Joinville has told of a sink of corruption lying within a stone's throw of the saint-king's crusading camp. But, above all the lawlessness, the men of those ages of faith aspired. Their acts might fall short; their principles remained sound. "No easy-going doctrines, then, to legitimize vice," says Ozanam. Man knew how to beat his breast in humble repentance. He lifted his eyes toward an ideal so far above himself that it was given his human weakness to build cathedrals such as Notre Dame of the capital. Not so does he build when as superman he sits on a self-raised altar.

The virtuous bishop, who had most to do with the erection of the cathedral of Paris, had been a student and later a teacher of scholasticism. Maurice de Sully was born of simple parentage in the village of Sully-sur-Loire, and he came as a poor scholar to the great city. His abilities and the integrity of his conduct won him recognition, and after teaching belles-lettres, he was elected to the see of Paris as the seventy-second successor of St. Denis. From 1160 to 1196 he directed his diocese, a true shepherd whose special care was the training of young priests. Crowds flocked to his sermons, wrote a contemporary. He took an active part on the side of Thomas Becket during the English archbishop's struggle with Henry II, and it was he who consecrated as bishop of Chartres Becket's friend, the intellectual John of Salisbury. To Bishop Maurice, who had baptized him, Philippe-Auguste left the care of the Royal Treasury when he went on the Third Crusade.

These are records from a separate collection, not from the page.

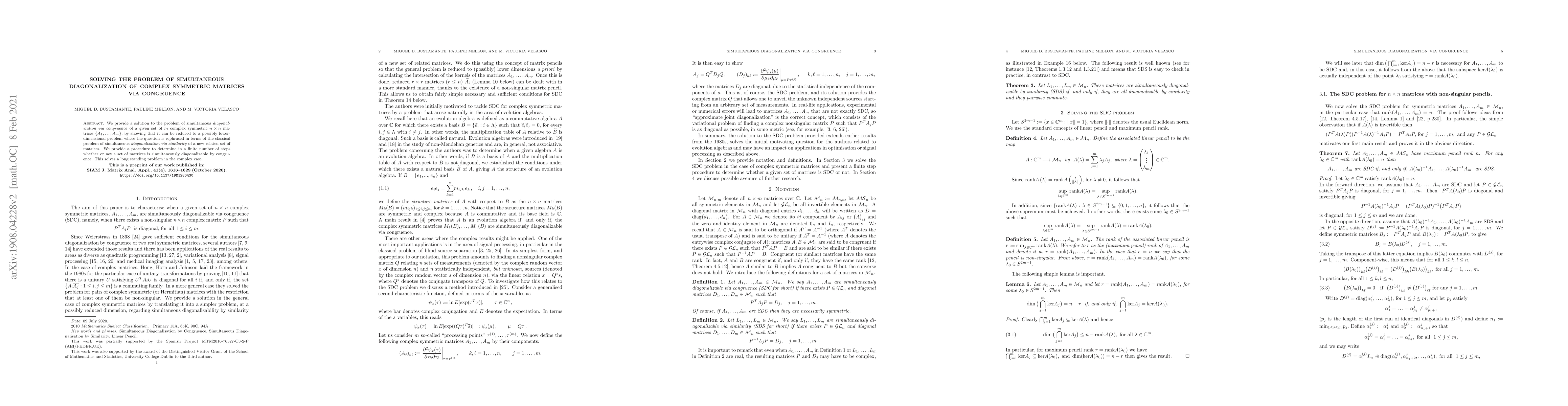 This paper presents a method to solve the problem of simultaneously diagonalizing a set of complex symmetric matrices via congruence, reducing it to a lower-dimensional problem of simultaneous diagonalization via similarity. It provides a finite-step procedure to determine the simultaneous diagonalizability by congruence, resolving a longstanding issue in complex matrix theory.
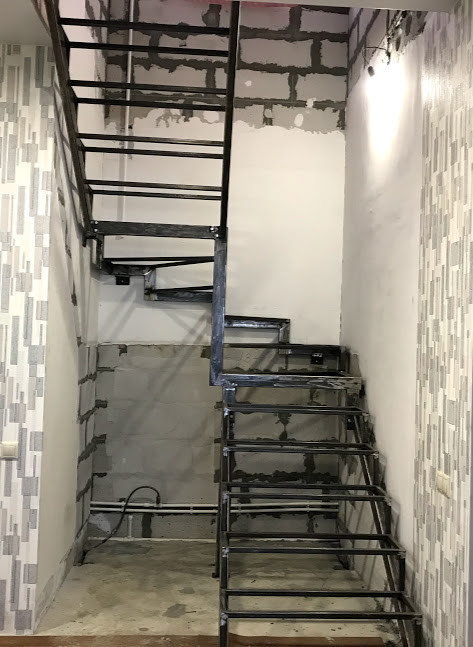 П-образный (180о) металлический каркас лестницы под отделку с забежными ступенями
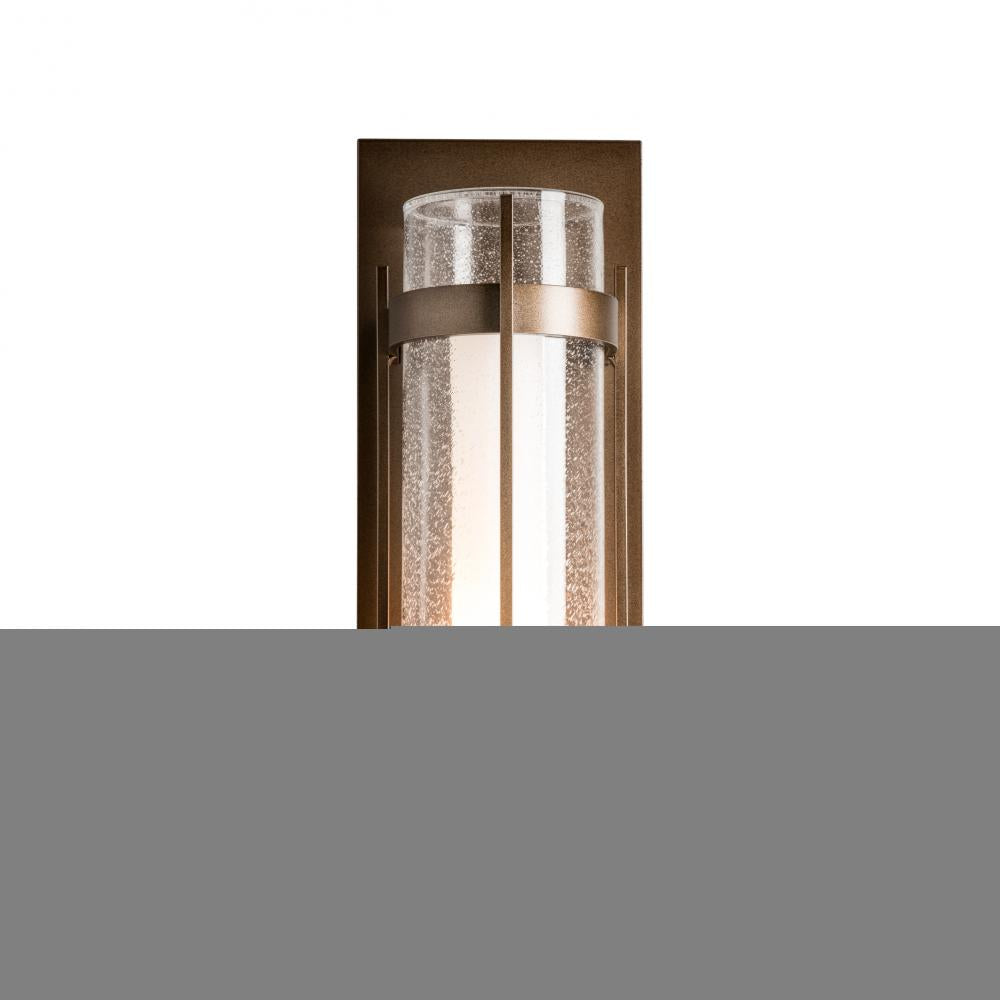 This Torch Large Outdoor Sconce, with its two hallmark circular metal bands and perpendicular metal accent, is available in all our robust Coastal Outdoor Finishes. The Torch Sconces are offered with a substantial and stunning seeded outer glass cylinder combined with a frosted inner glass for stylish, yet functional lighting. The Torch Outdoor Sconce is also available in a medium version.

So wisely did this churchman administer his revenues that he was able to build hospitals and abbeys, as well as erect, in larger part by his personal donations, his own cathedral.

The first stone of Notre Dame was laid in 1163, and tradition says that Alexander III officiated in the same month that he dedicated for the Benedictines the new choir of St. Germain-des-Pres; the exiled pontiff resided in France for four years. Though the name of the architect of Notre Dame has not survived, his design was adhered to during a century and a half. A transept was not in his plan; however, a short one was inserted before the nave was laid down. That nave was nearly finished when Bishop Maurice de Sully died, in 1196, leaving large sums, in his testament, for the completion of his beloved church. The two westernmost bays of the nave are not of the bishop-founder's time.

Notre Dame, because of interruptions in its construction, presents an irregular alignment, and it is easy to perceive, as one gazes along its vaulting, that its choir slopes toward the north. Archaeologists have given up the poetic explanation that the slanting choir was symbolic of the droop of Christ's head on the cross. Nor can the symbol seeker now call the Porte Rouge (an extra door in the north wall of the choir) a souvenir of the spear wound of the Saviour, since if made with such intention it would have been placed below the extended arms of the transept.

Three campaigns of work built Notre Dame, and each time that the work was resumed the axis deviated slightly. First rose the choir and a short transept. Then was done the nave, save its westernmost bays. And finally, at the beginning of the XIII century, they undertook the west facade and the two bays behind it. The carving on the pier's capitals shows the gradual advance in sculpture: in the choir they cut the large leaves of water plants which were the first nature models copied when the conventional Byzantine models were discarded. Then, in the nave, the foliage grew richer, and oak and vine and curled-up ferns appeared.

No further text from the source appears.